Your objective: Send back the data below exactly. Drop every picture.

Raw data:
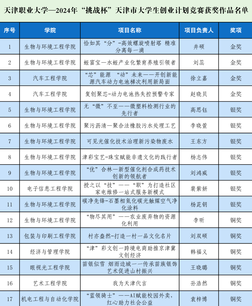 近日,共青团天津市委员会下发《关于2024年“挑战杯”中国银行天津市大学生创业计划竞赛结果的通报》,beat365官网入围市赛的18个项目通过市赛网评、终审决赛等环节,最终获得金奖4项、银奖7项、铜奖6项,获奖总数超过上届取得突破,获奖总数和金奖项目均位列高职院校第一,同时获得天津市“优胜杯”和“优秀组织单位”称号。生环学院报送的《蛭富宝—水蛭产业化繁育养殖引领者》、《恰如其“分”-高效螺旋喷射塔 精准分离每一滴》项目、汽车学院报送的《复创聚芯-动力电池热失控预警专家》项目顺利推荐至国赛网评阶段。
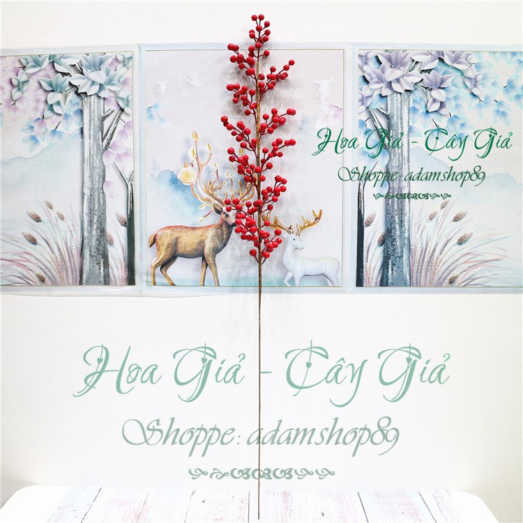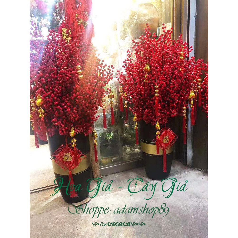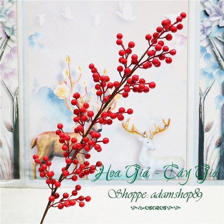 Chùm quả Đào Đông Đỏ với màu đỏ khoe sắc rực rỡ mang đến nhiều may mắn cho ngôi nhà của bạn đặc biệt là những dip đông về ngày tết, với 1 chậu quả đào đông giả trong nhà gia chủ sẽ gặp rất nhiều may mắn hihi.* giá trên là giá 1 cành:
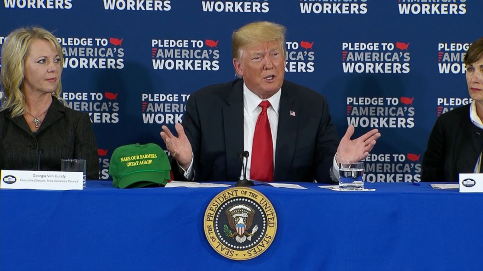 The president also doubled down on his trade war with China during a visit to Iowa.

Task solution:
 近日,共青团天津市委员会下发《关于2024年“挑战杯”中国银行天津市大学生创业计划竞赛结果的通报》,beat365官网入围市赛的18个项目通过市赛网评、终审决赛等环节,最终获得金奖4项、银奖7项、铜奖6项,获奖总数超过上届取得突破,获奖总数和金奖项目均位列高职院校第一,同时获得天津市“优胜杯”和“优秀组织单位”称号。生环学院报送的《蛭富宝—水蛭产业化繁育养殖引领者》、《恰如其“分”-高效螺旋喷射塔 精准分离每一滴》项目、汽车学院报送的《复创聚芯-动力电池热失控预警专家》项目顺利推荐至国赛网评阶段。
 Chùm quả Đào Đông Đỏ với màu đỏ khoe sắc rực rỡ mang đến nhiều may mắn cho ngôi nhà của bạn đặc biệt là những dip đông về ngày tết, với 1 chậu quả đào đông giả trong nhà gia chủ sẽ gặp rất nhiều may mắn hihi.* giá trên là giá 1 cành:
 The president also doubled down on his trade war with China during a visit to Iowa.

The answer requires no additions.